REQUIREMENT:
When writing out the listing below, reproduce every word exactly and skip the pictures.

MATERIAL PROVIDED:
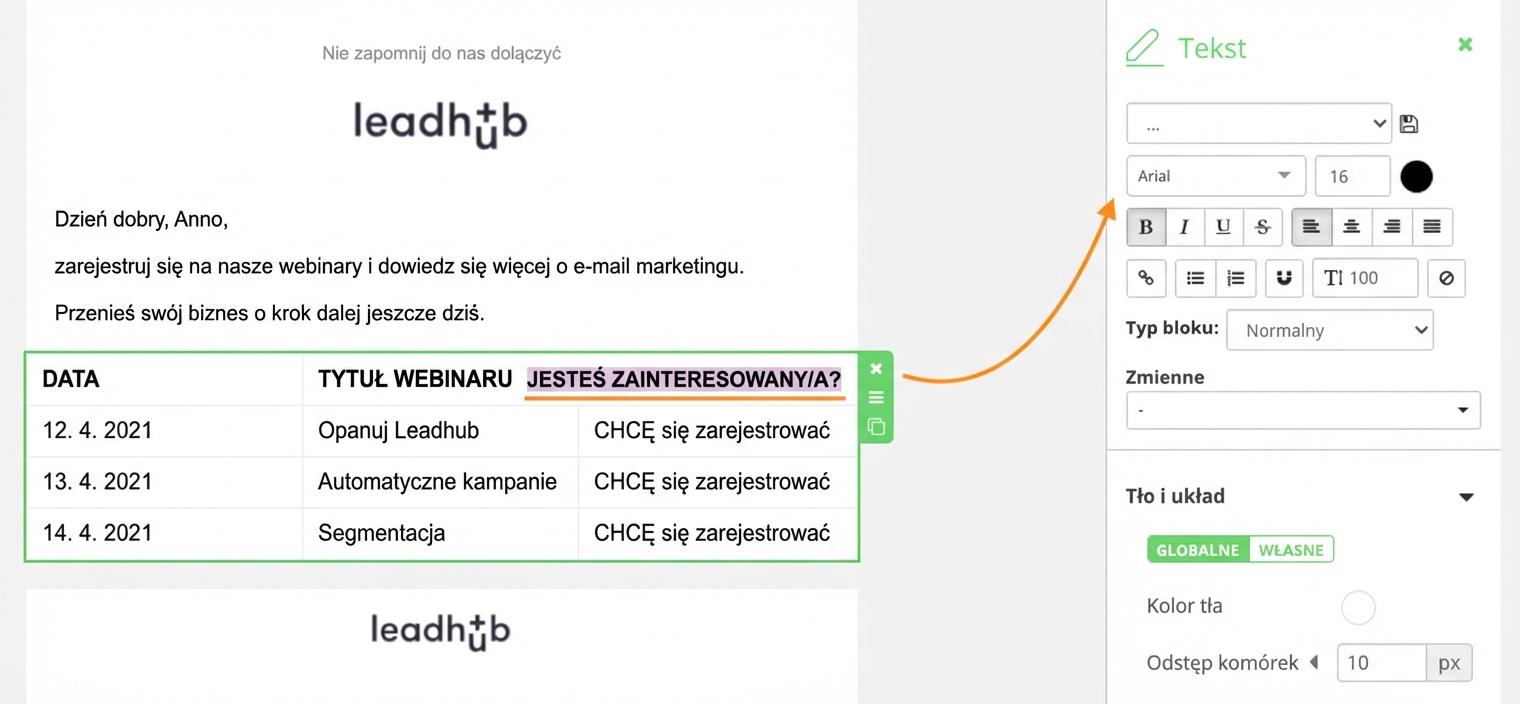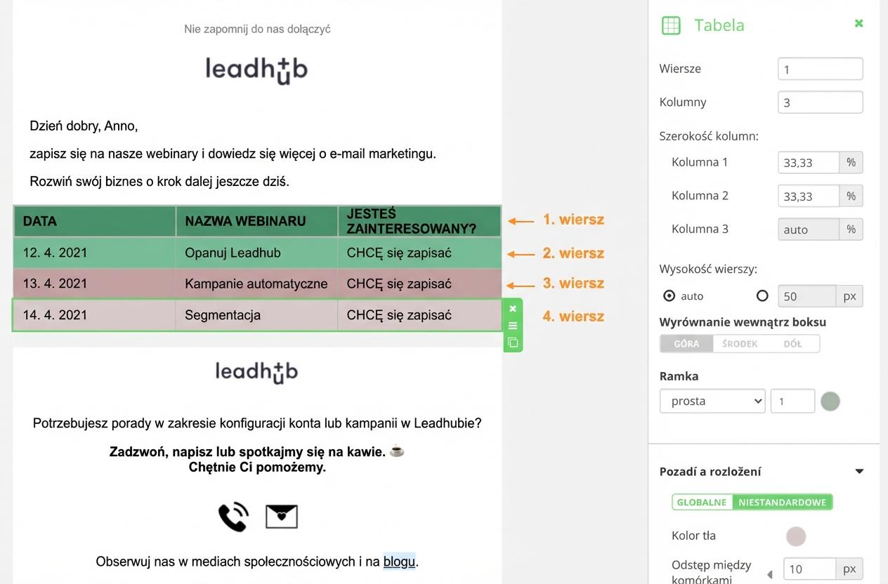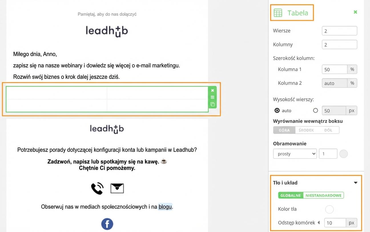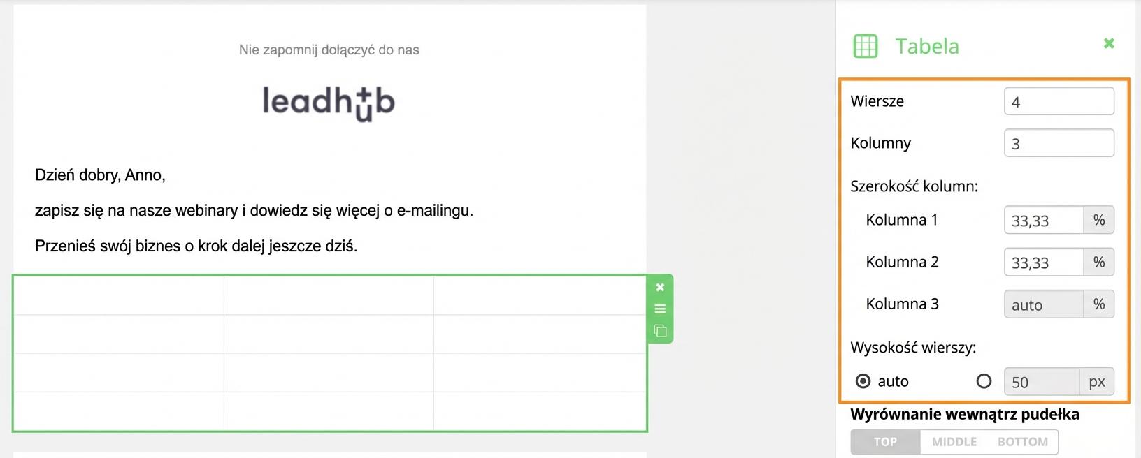 Za pomocą panelu edycji po prawej stronie edytora możesz zmieniać wygląd i układ tabeli.
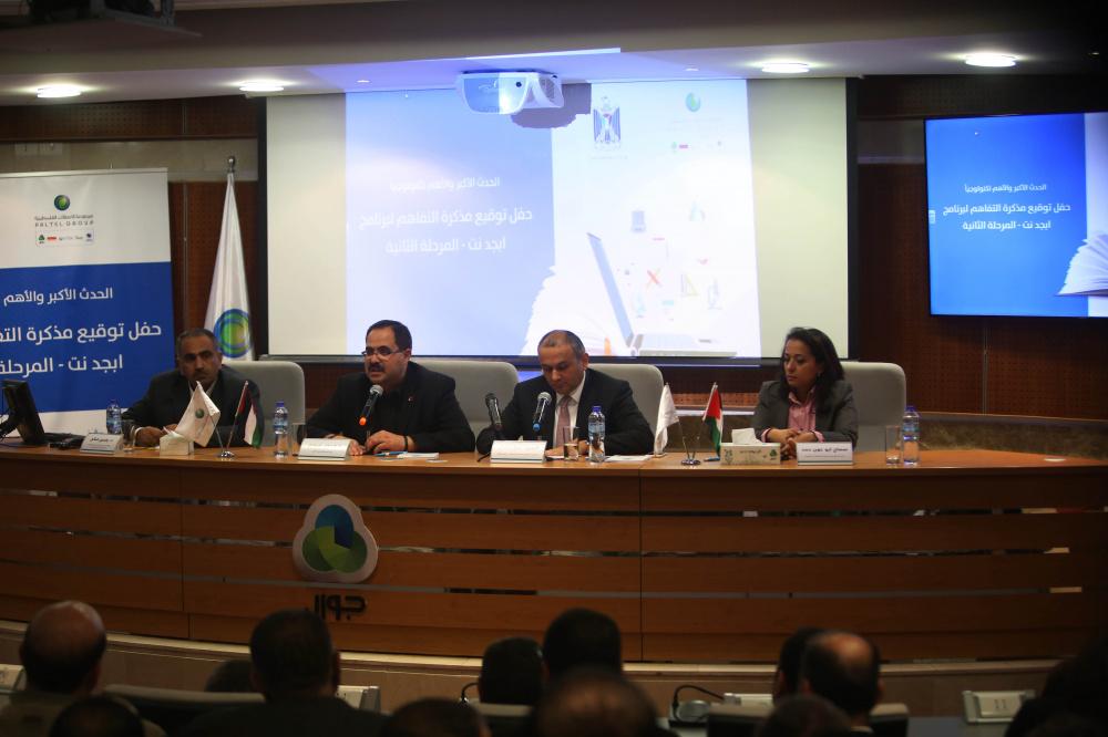 حفل توقيع مذكرة التفاهم لبرنامج"ابجد نت"المرحلة الثانية والخاص بتزويد المدارس الفلسطينية بخدمات الانترنت
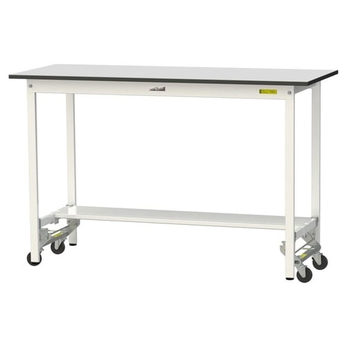 軽量作業台 ワンタッチ移動式 半面棚付 RoHS2対応塩ビシート天板 ワークテーブル150 W1500D600H950mm SURUH−1560TGYW 天板ライトグレー脚ホワイト 1台【メーカー直送
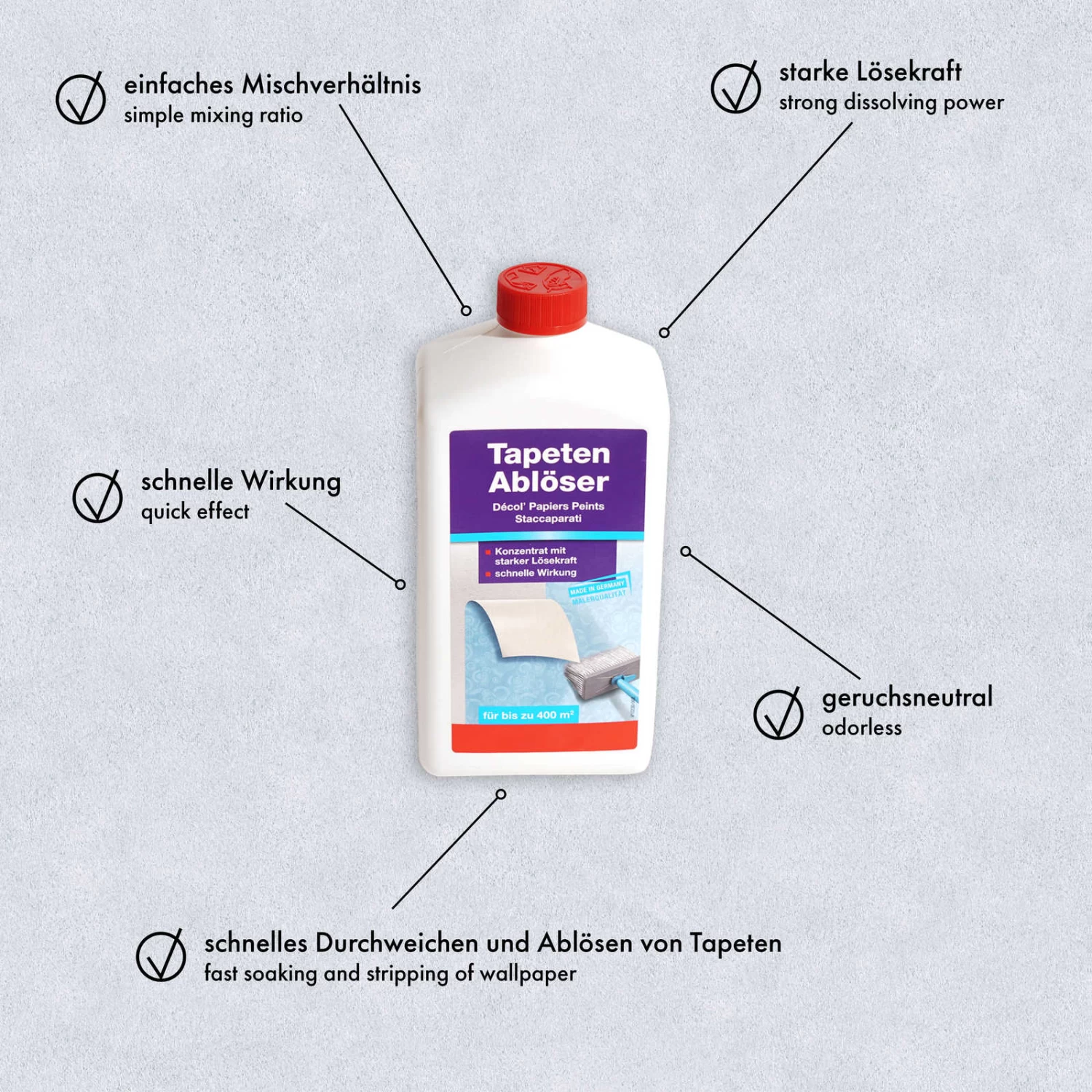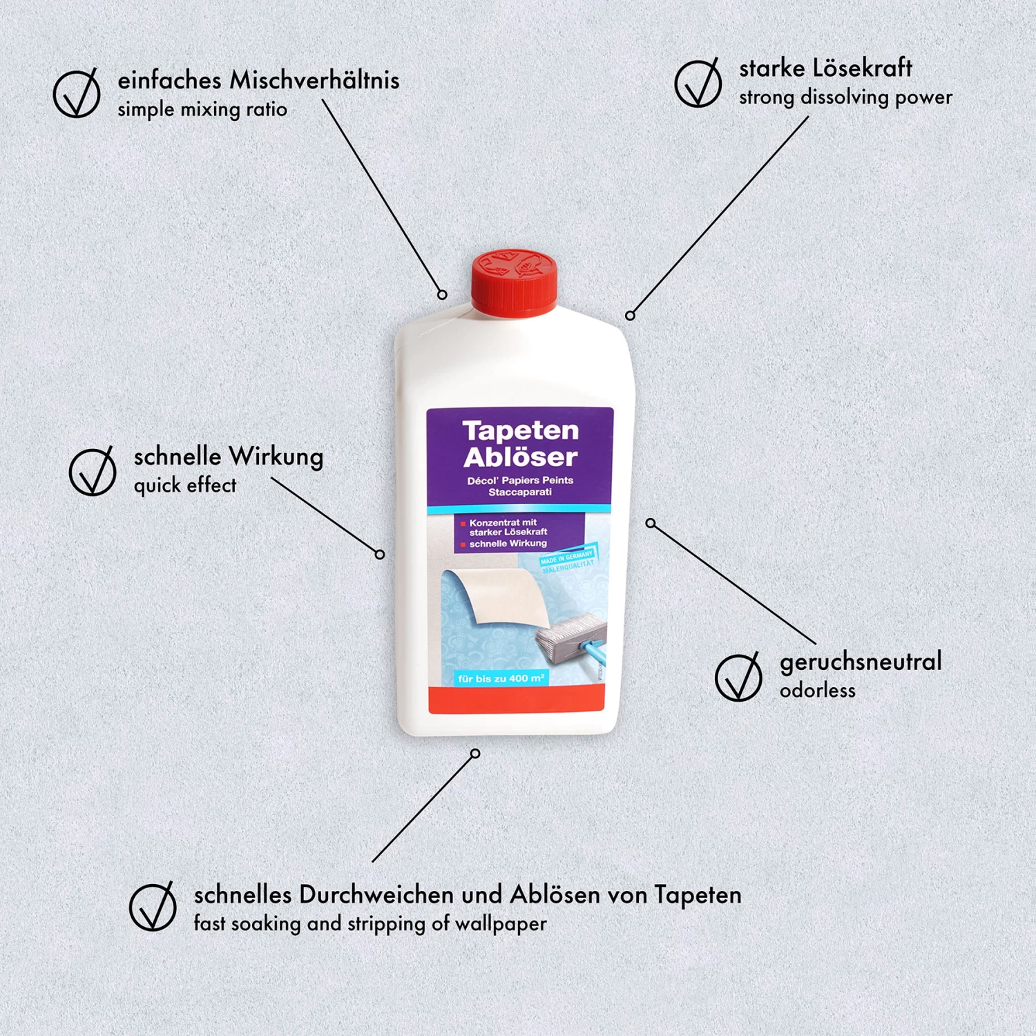 - Très bon et rapide trempage du papier peint grâce à un concentré spécial de tensioactifs

ANSWER FOR THIS EXERCISE:
 Za pomocą panelu edycji po prawej stronie edytora możesz zmieniać wygląd i układ tabeli.
 حفل توقيع مذكرة التفاهم لبرنامج"ابجد نت"المرحلة الثانية والخاص بتزويد المدارس الفلسطينية بخدمات الانترنت
 軽量作業台 ワンタッチ移動式 半面棚付 RoHS2対応塩ビシート天板 ワークテーブル150 W1500D600H950mm SURUH−1560TGYW 天板ライトグレー脚ホワイト 1台【メーカー直送
 - Très bon et rapide trempage du papier peint grâce à un concentré spécial de tensioactifs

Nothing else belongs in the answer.